Historically, the operating system has always been an ideal place to implement observability, security, and networking functionality due to the kernel’s privileged ability to oversee and control the entire system. At the same time, an operating system kernel is hard to evolve due to its central role and high requirement towards stability and security. The rate of innovation at the operating system level has thus traditionally been lower compared to functionality implemented outside of the operating system.
从历史上看,由于内核具有监督和控制整个系统的特权能力,操作系统一直是实现可观察性,安全性和网络功能的理想场所。同时,操作系统内核由于其核心作用以及对稳定性和安全性的高要求而难以发展。因此,与在操作系统之外实现的功能相比,操作系统级别的创新率传统上较低。

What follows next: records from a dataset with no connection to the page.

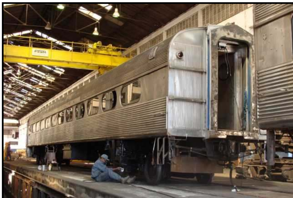
Carro Mafersa em inóx oriundo da EFA sendo recuperado nas oficinas da CPTM. Foto: Rafael Nogueira em 2008.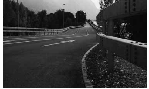
Autobahn Rheindamm Vaduz-Triesen – Bollwerk im Dienste der Sicherheit bei Tempo 80...

Nur wenige Meter rheinabwärts erstellt die Realschule Vaduz einen Planetenweg. Für die paar Stellen auf dem Wuhrweg ist ein Verfahren nach Naturschutzgesetz durchgeführt worden, bei dem insgesamt sechs Auflagen gesprochen wurden. Das ist richtig. Aber wir fragen uns trotzdem: Wo bleibt da die Verhältnismässigkeit?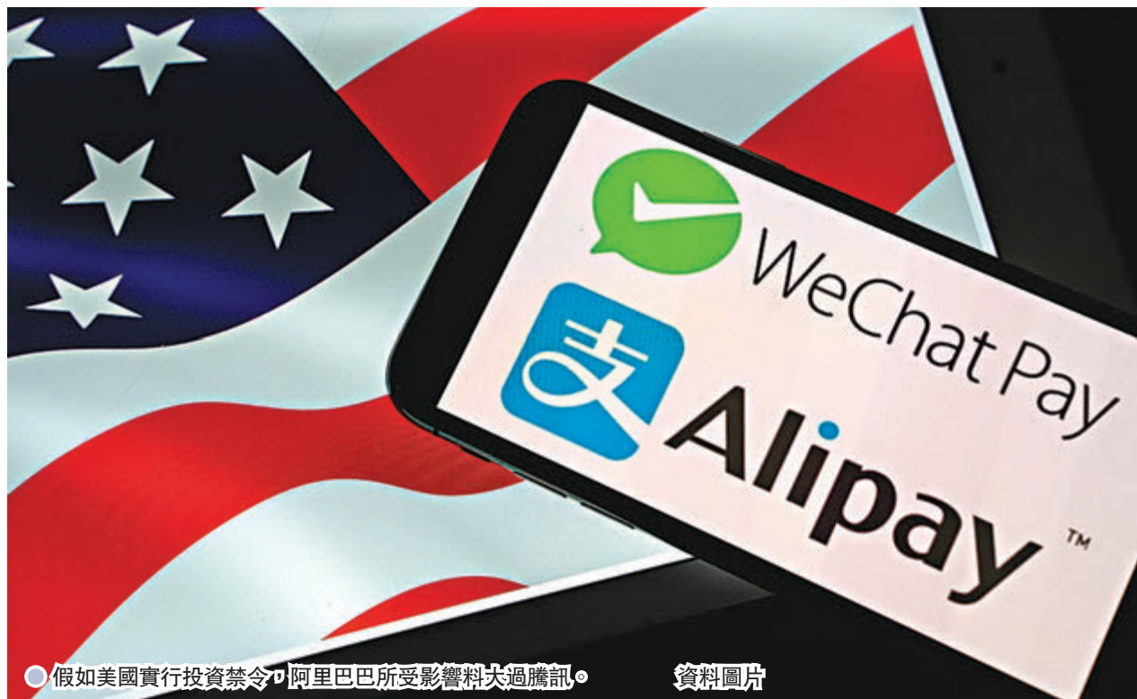
●假如美國實行投資禁令，阿里巴巴所受影響料大過騰訊。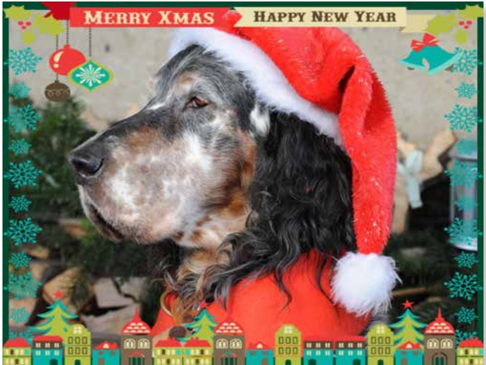
Karte: Ellen Minder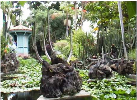
2 Detalle del quisco junto al lago.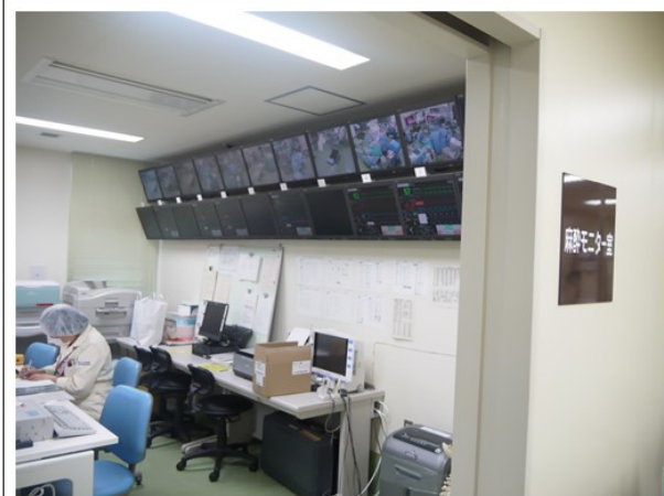
OR 內麻醉科全程以電視牆監控 每間開刀房手術過程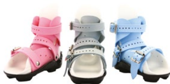
Disponible en 3 colores

Sus materiales son hipoalergénicos y libres de látex, siendo muy bien tolerados.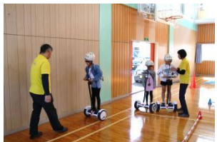
<インモーションの無料体験> 初めての人も、スタッフのサポート で、すぐにスイスイと。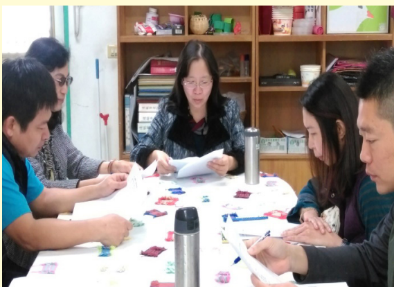
琇惠校長分享圖書應用

圖書教師主要之任務乃在負責學校圖書館之經營、推動閱讀與資訊素養活動、提供資訊協助教師教學，經由研習活動能夠提昇教師教學品質，學生閱讀興趣，並使之具備自學能力。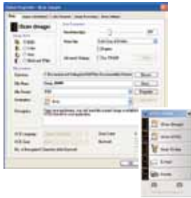
Das Hauptfenster des Button Manager 2

Mit dem Avison Button Manager 2 können komplexe Scanvorgänge mit nur einem Tastendruck erledigt und direkt an die gewünschte Zielanwendung gesendet werden.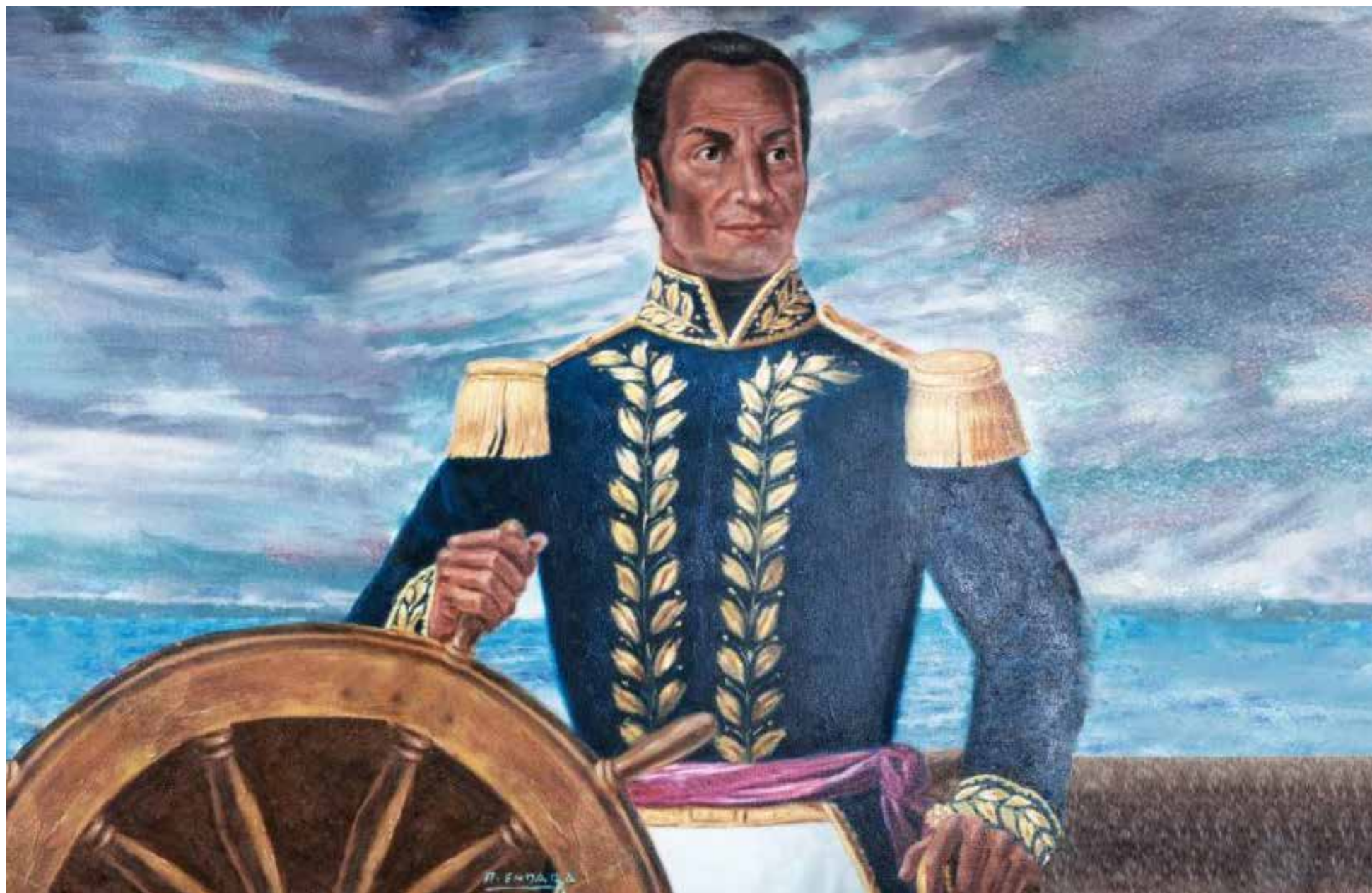
Almirante José Prudencio Padilla López

195 años después de su fusilamiento, el máximo prócer naval colombiano, el Almirante José Prudencio Padilla López fue ascendido, por el presidente de la República Gustavo Petro Urrego, de manera póstuma y honorífica, al grado de Gran Almirante de la Nación.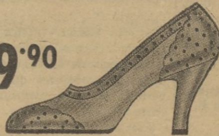
Zapato elegante combinado en tela.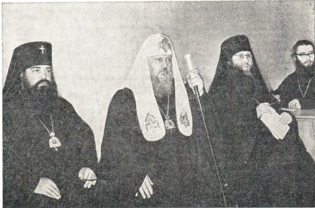
Святейший Патриарх Московский и всея Руси Пимен

Радушные приема, общая трапеза, само общение с Предстоятелем Церкви оказали глу-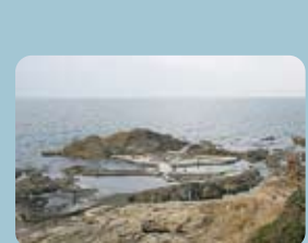
親水プール 海水のプール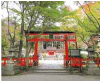
大原野神社 (MAP C-4)

長岡京市浄土谷堂/谷 無休 P100台 9:00~17:00 TEL 075-956-0017 http://yanagidani.jp/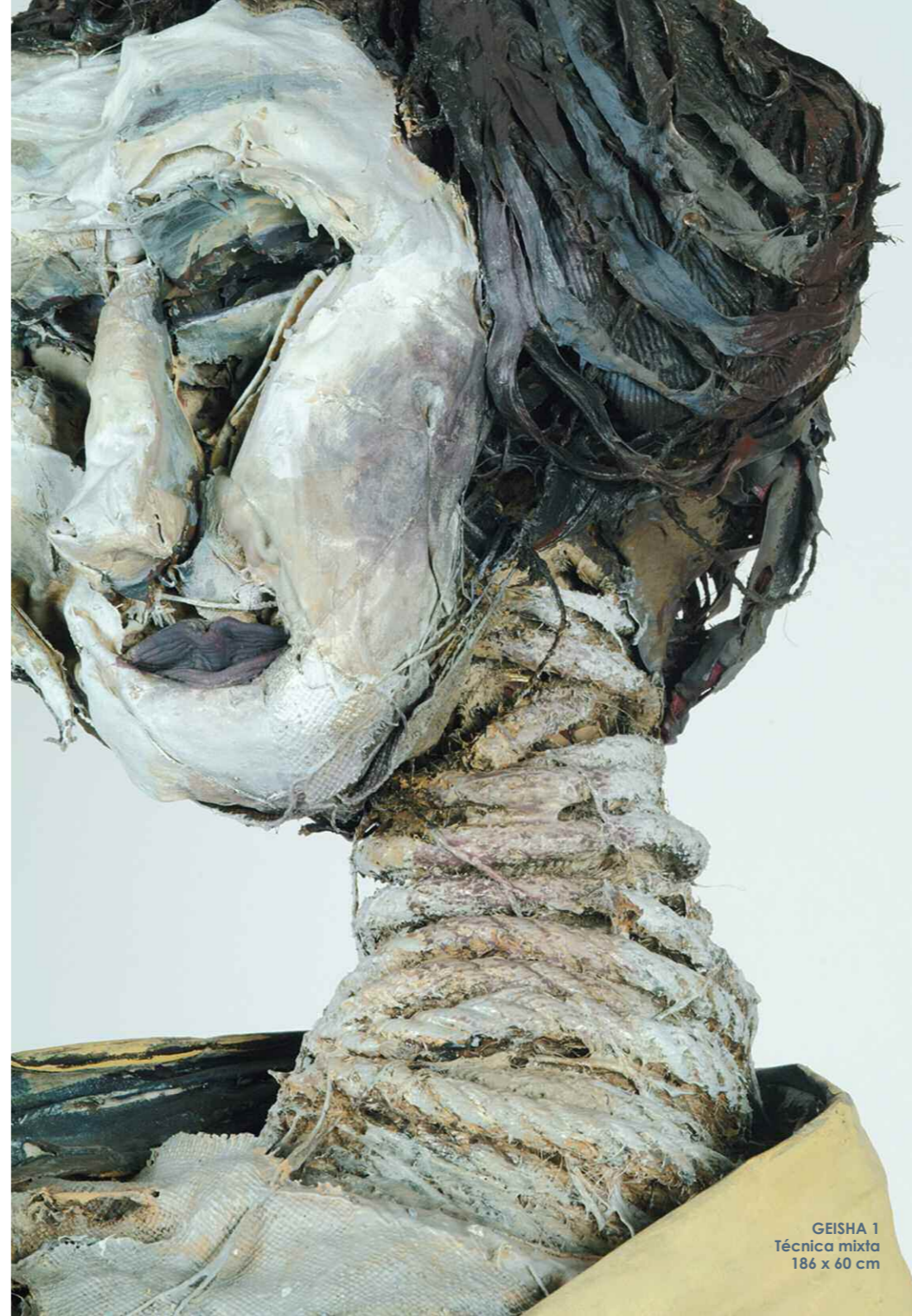
GEISHA 1 Técnica mixta 186 x 60 cm

En un mundo cautivador de tradición, y a la vez modernidad, que se ofrece como contraste —paradójicamente liberador— al otro Japón que lidera la tecnología mundial.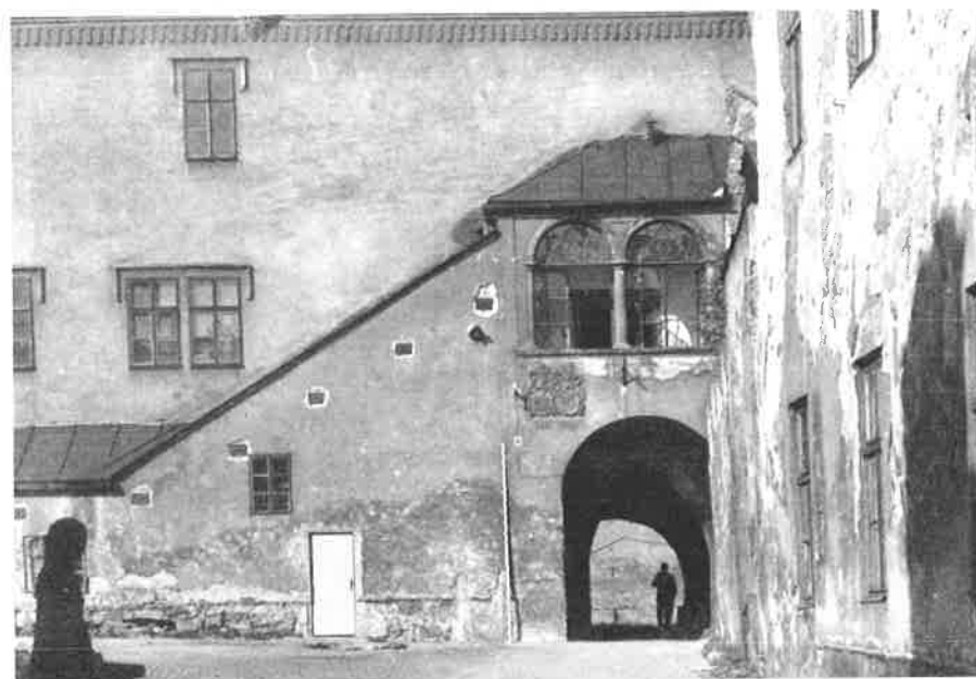
Zámecká lodžie v průběhu stavebních zásahů v šedesátých letech 20. století, kdy došlo ke stažení schodišlové části k hlavní zámecké budově pomocí ankrů.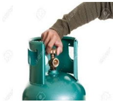
Zatvorite plinsku bocu

Minimalno se krećite tokom potresa. Ne stvarajte paniku. Nastojte što kraćim putem doći do najbližeg sigurnog mjesta. Ostanite u kući dok potres ne prestane, a zatim što mirnije izađite na otvoreni prostor podalje od građevina. Barem za djecu nastojte ponijeti tople odjevne predmete i pokrivače. Ponesite dokumente, novac i lijekove za bolesne članove porodice. Ako ste u mogućnosti, ponesite i prvu pomoć kao i hranu i vodu. Kao i u većini slučajeva (vezano za većinu prirodnih ili drugih nesreća) potrebno je da svi ukućani znaju gdje je glavna sklopka za struju, te gdje su glavni ventili za plin i vodu, i kako se zatvaraju (isključuju). Po mogućnosti je potrebno na dohvata ruke imati već pripremljena "priručna" sredstva (bateriju, tranzistor, torbu za prvu pomoć itd.).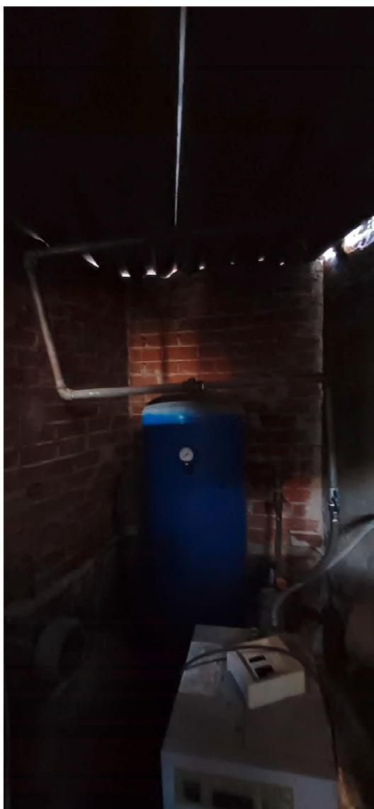
Fotografia nr 9 vista interna ripostiglio esterno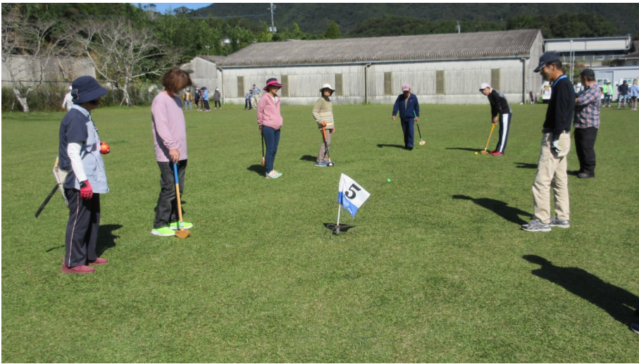
優勝した川西チームとラウンドする畑村釘Bチーム

第2回グラウンドゴルフ大会が10月22日、泰野地区公民館広場で12チーム61人が参加して行われました。校区民の交流と連帯感を深め、健全で明るい地域社会を作ると共に健康の増進を図ることを目的に、7月に続いて健康福祉部の事業として行われました。また、今年は、泰野の事業所からあけぼの園職員チームが参加しました。競技は、団体戦と個人戦が行われ、和気あいあいななか、歓声が上がっていました。競技終了後、閉会式に移り、成績発表と表彰式が行われました。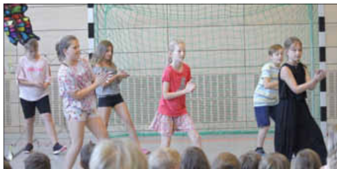
Tanzvorführung der Viertklässler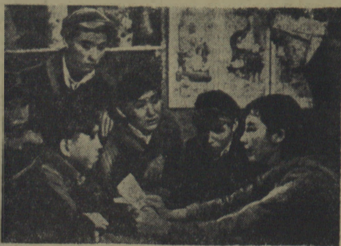
Scena z filmu „Czao” produkcji chińskiej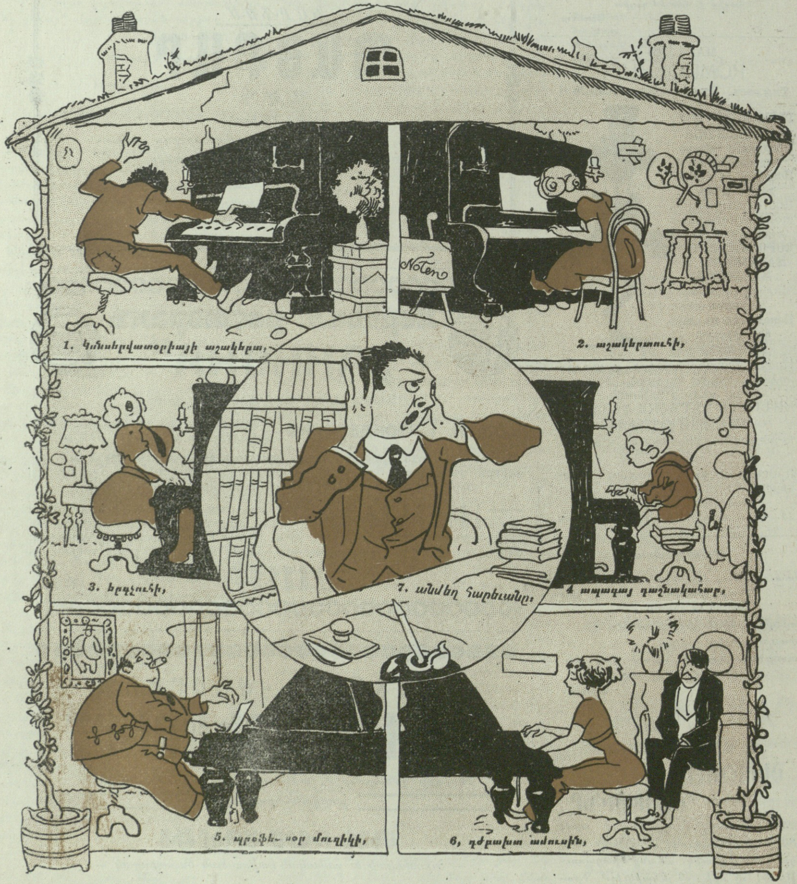
1. Կանսրվատորիայի աշակերտ,

eBPF changes this formula fundamentally. By allowing to run sandboxed programs within the operating system, application developers can run eBPF programs to add additional capabilities to the operating system at runtime. The operating system then guarantees safety and execution efficiency as if natively compiled with the aid of a Just-In-Time (JIT) compiler and verification engine. This has led to a wave of eBPF-based projects covering a wide array of use cases, including next-generation networking, observability, and security functionality.
eBPF从根本上改变了这个公式。通过允许在操作系统中运行沙盒程序,应用程序开发人员可以运行 eBPF 程序,以便在运行时向操作系统添加其他功能。然后,操作系统保证安全性和执行效率,就像在实时(JIT)编译器和验证引擎的帮助下进行本机编译一样。这导致了一波基于eBPF的项目,涵盖了广泛的用例,包括下一代网络,可观察性和安全功能。
today, eBPF is used extensively to drive a wide variety of use cases: Providing high-performance networking and load-balancing in modern data centers and cloud native environments, extracting fine-grained security observability data at low overhead, helping application developers trace applications, providing insights for performance troubleshooting, preventive application and container runtime security enforcement, and much more. The possibilities are endless, and the innovation that eBPF is unlocked has only just begun.
如今,eBPF被广泛用于驱动各种用例:在现代数据中心和云原生环境中提供高性能网络和负载平衡,以低开销提取细粒度的安全可观察性数据,帮助应用程序开发人员跟踪应用程序,为性能故障排除、预防性应用程序和容器运行时安全实施提供见解等等。可能性是无穷无尽的,eBPF解锁的创新才刚刚开始。
eBPF programs are event-driven and are run when the kernel or an application passes a certain hook point. Pre-defined hooks include system calls, function entry/exit, kernel tracepoints, network events, and several others.
eBPF 程序是事件驱动的,在内核或应用程序通过某个挂钩点时运行。预定义的挂钩包括系统调用、函数进入/退出、内核跟踪点、网络事件和其他几个。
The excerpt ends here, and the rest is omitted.